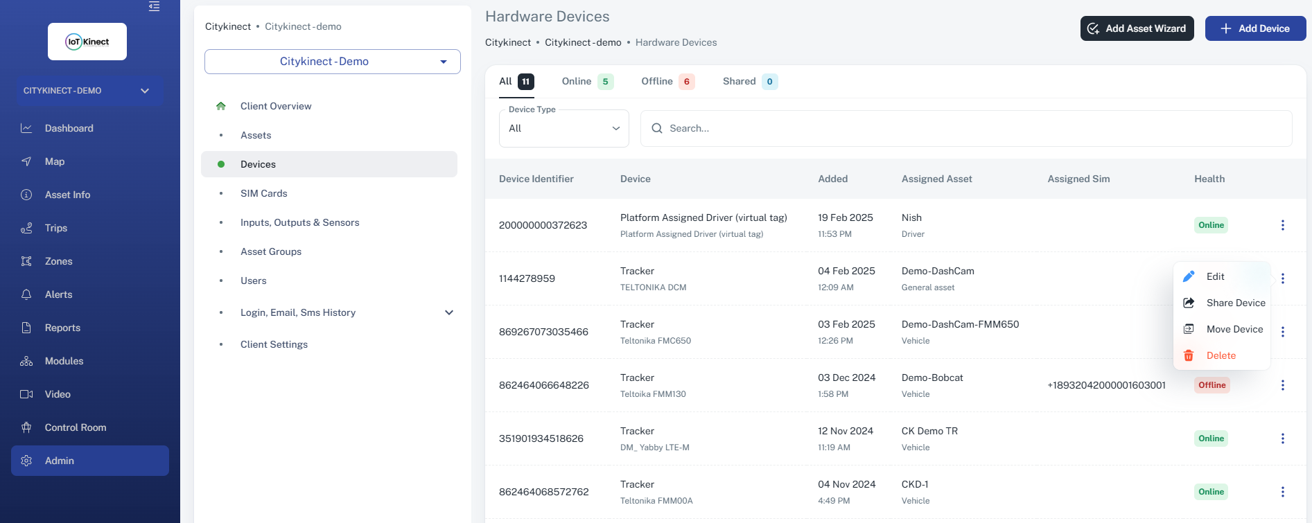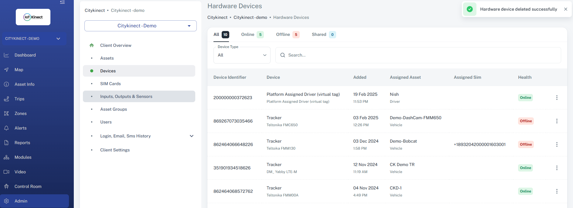 Before deleting a device, ensure that you disassociate any assets and SIM cards from the hardware device.
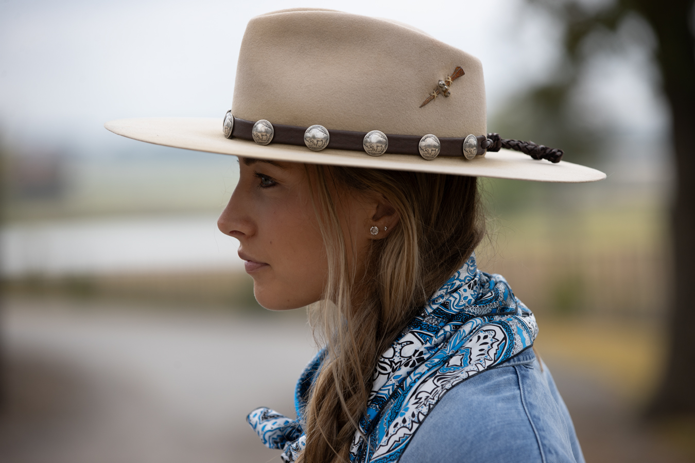 Grit Sahara hat with buffalo nickel poncho band, kemosabe.com; Bandana blue silk wild rag, cowboywildrags.com.
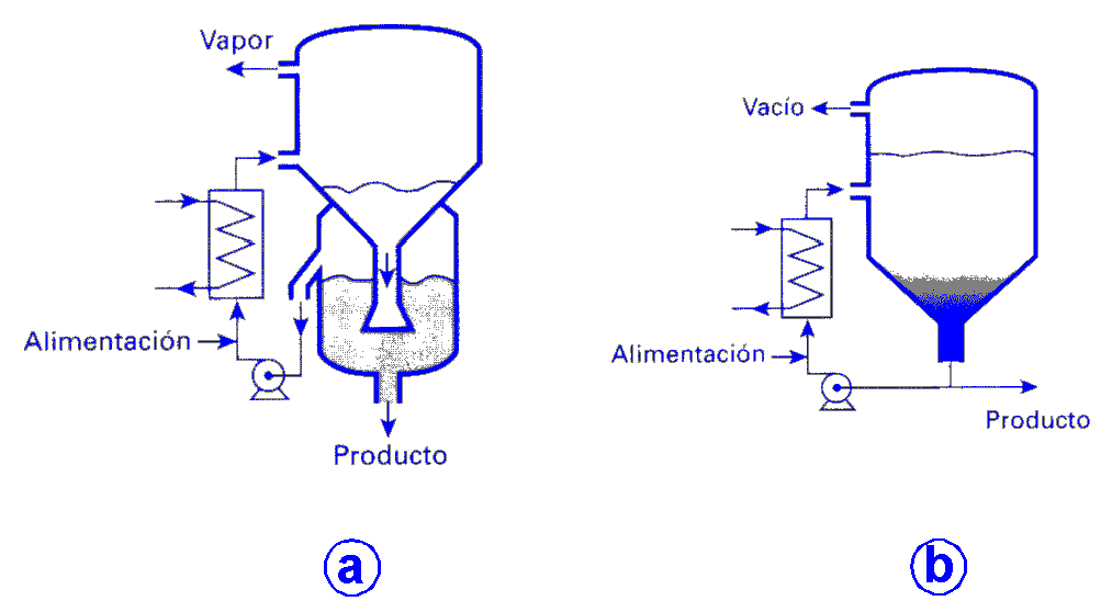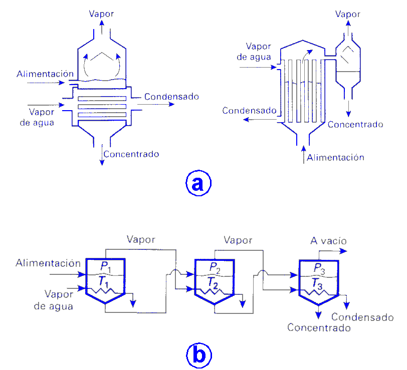 Esta operación se lleva a cabo en aparatos denominados evaporadores, cuyos tipos y condiciones de operación dependen de la disolución que se va a tratar. El calor, que controla el proceso, se suministra generalmente en forma de vapor de agua condensante en el interior de tubos sumergidos en la disolución. Generalmente la evaporación se lleva a cabo en varias etapas para mejorar el aprovechamiento energético ("múltiple efecto"): el vapor generado en un efecto se aprovecha en otro como medio de calefacción. |
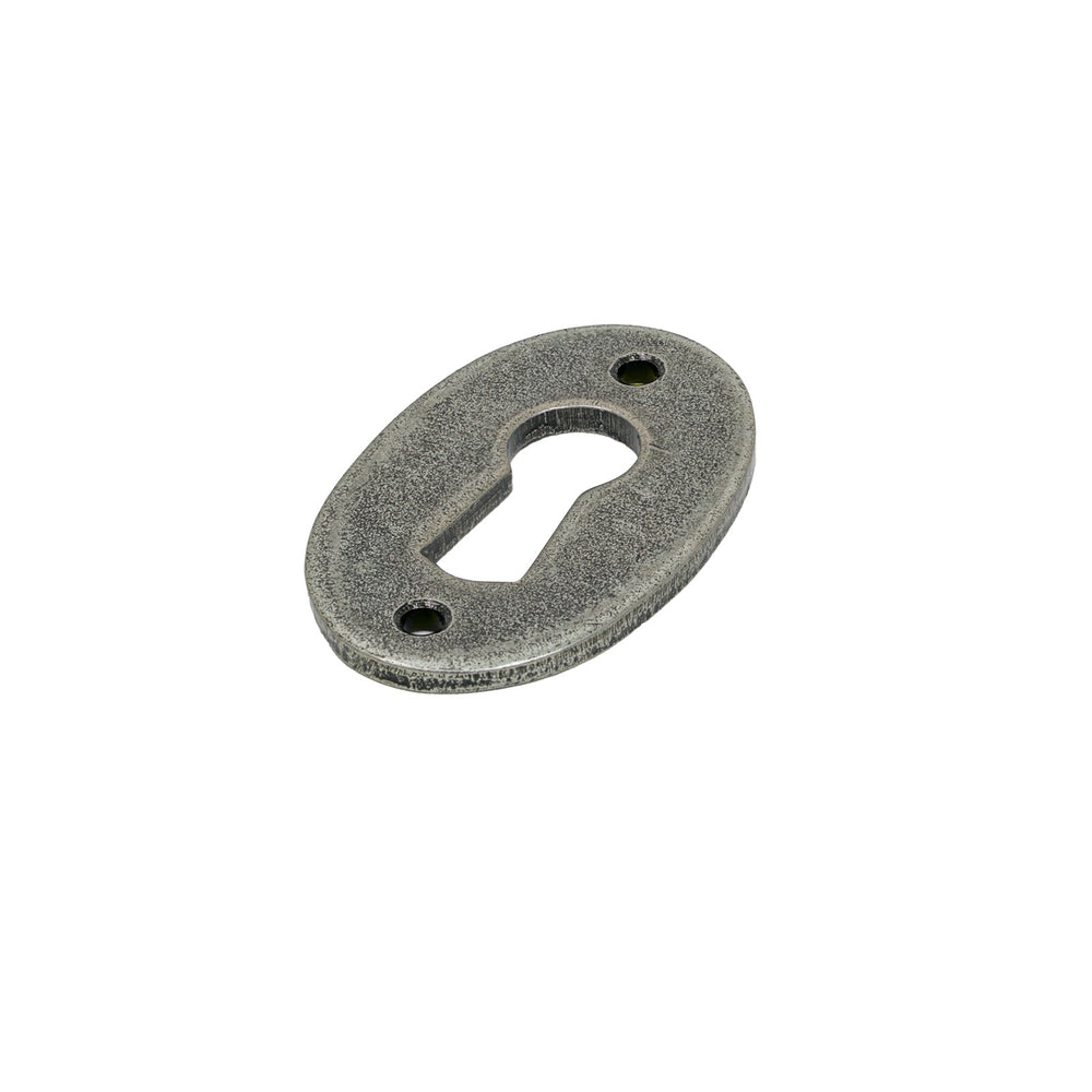 Our oval escutcheons are designed to complement all our mortice knob and lever on rose designs. This escutcheon uses a standard or euro key hole, permitting its use with a multitude of locks.
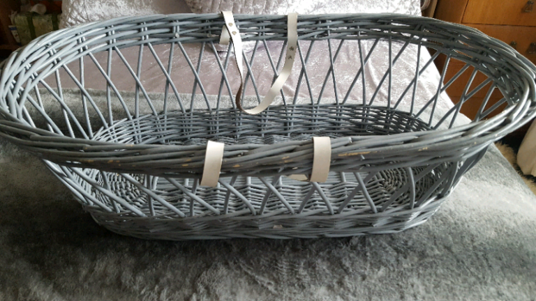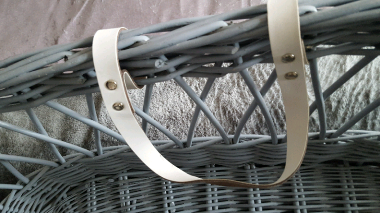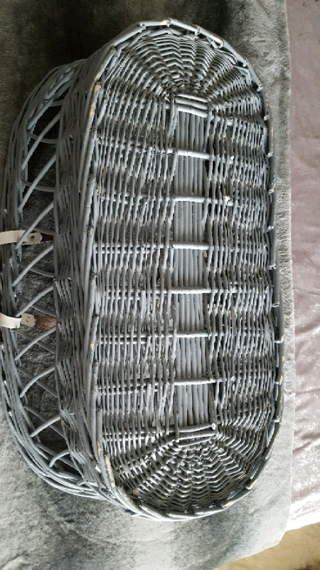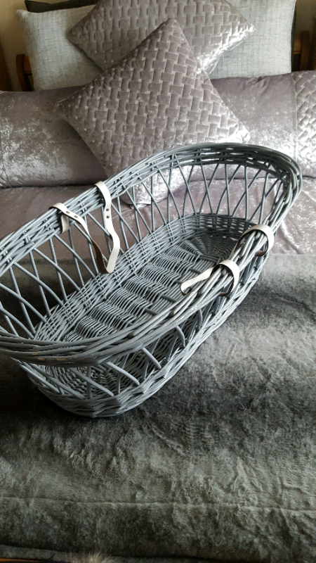 Large GREY Wicker Basket with White Handles Baby Cot
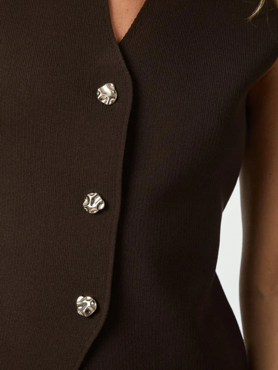 Denne elegante Sway Smooth Knit Vest, kombinerer stil og komfort på fineste vis. Denne vest er designet med en sofistikeret V-udskæring, der fremhæver ethvert outfit med sin tidløse charme. Med en praktisk knaplukning bliver det let at tage vesten af og på, mens de guldfarvede knapper tilføjer et strejf af elegance og luksus til looket. Vesten er figursyet, hvilket sikrer en flatterende pasform. Dette design er ideelt til både hverdagsbrug og mere formelle anledninger, hvor du ønsker at tilføje et stilfuldt element til din garderobe. Neo Noir har med denne vest skabt et alsidigt stykke tøj, der kan kombineres med forskellige outfits for et unikt og personligt look. Uanset om du styler den med en bluse eller en enkel t-shirt, vil denne vest være en uundværlig del af dit klædeskab.
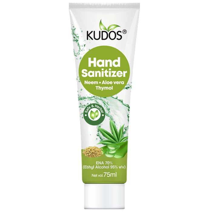 Kudos hand Sanitizer has antiseptic and anti-microbial properties which are very useful against harmful microorganisms. It helps to keep hands clean, soft, and smooth. | Key Ingredients: ENA 70% (Ethyl Alcohol 95% v/v) Neem Aloe vera Thymol | Key Benefits: Cleanses as well as moisturises hands without drying the skin Dries swiftly and ensures hygiene Kills germs without the use of soap and water | Directions For Use: Dispense desired amount onto palm Rub on all parts of hands until fully dry. Do not rinse | Safety Information: Read the label carefully before use Store in a cool dry place away from direct sunlight Keep out of reach of the children Keep away from fire or flame Avoid contact with eyes and broken skin In case of contact with eyes rinse thoroughly with water, if irritation persists consult your doctor

### Assignment
Could you copy the data above exactly, leaving the pictures out?

### Response for this exercise
 Before deleting a device, ensure that you disassociate any assets and SIM cards from the hardware device.
 Grit Sahara hat with buffalo nickel poncho band, kemosabe.com; Bandana blue silk wild rag, cowboywildrags.com.
 Esta operación se lleva a cabo en aparatos denominados evaporadores, cuyos tipos y condiciones de operación dependen de la disolución que se va a tratar. El calor, que controla el proceso, se suministra generalmente en forma de vapor de agua condensante en el interior de tubos sumergidos en la disolución. Generalmente la evaporación se lleva a cabo en varias etapas para mejorar el aprovechamiento energético ("múltiple efecto"): el vapor generado en un efecto se aprovecha en otro como medio de calefacción. |
 Our oval escutcheons are designed to complement all our mortice knob and lever on rose designs. This escutcheon uses a standard or euro key hole, permitting its use with a multitude of locks.
 Large GREY Wicker Basket with White Handles Baby Cot
 Denne elegante Sway Smooth Knit Vest, kombinerer stil og komfort på fineste vis. Denne vest er designet med en sofistikeret V-udskæring, der fremhæver ethvert outfit med sin tidløse charme. Med en praktisk knaplukning bliver det let at tage vesten af og på, mens de guldfarvede knapper tilføjer et strejf af elegance og luksus til looket. Vesten er figursyet, hvilket sikrer en flatterende pasform. Dette design er ideelt til både hverdagsbrug og mere formelle anledninger, hvor du ønsker at tilføje et stilfuldt element til din garderobe. Neo Noir har med denne vest skabt et alsidigt stykke tøj, der kan kombineres med forskellige outfits for et unikt og personligt look. Uanset om du styler den med en bluse eller en enkel t-shirt, vil denne vest være en uundværlig del af dit klædeskab.
 Kudos hand Sanitizer has antiseptic and anti-microbial properties which are very useful against harmful microorganisms. It helps to keep hands clean, soft, and smooth. | Key Ingredients: ENA 70% (Ethyl Alcohol 95% v/v) Neem Aloe vera Thymol | Key Benefits: Cleanses as well as moisturises hands without drying the skin Dries swiftly and ensures hygiene Kills germs without the use of soap and water | Directions For Use: Dispense desired amount onto palm Rub on all parts of hands until fully dry. Do not rinse | Safety Information: Read the label carefully before use Store in a cool dry place away from direct sunlight Keep out of reach of the children Keep away from fire or flame Avoid contact with eyes and broken skin In case of contact with eyes rinse thoroughly with water, if irritation persists consult your doctor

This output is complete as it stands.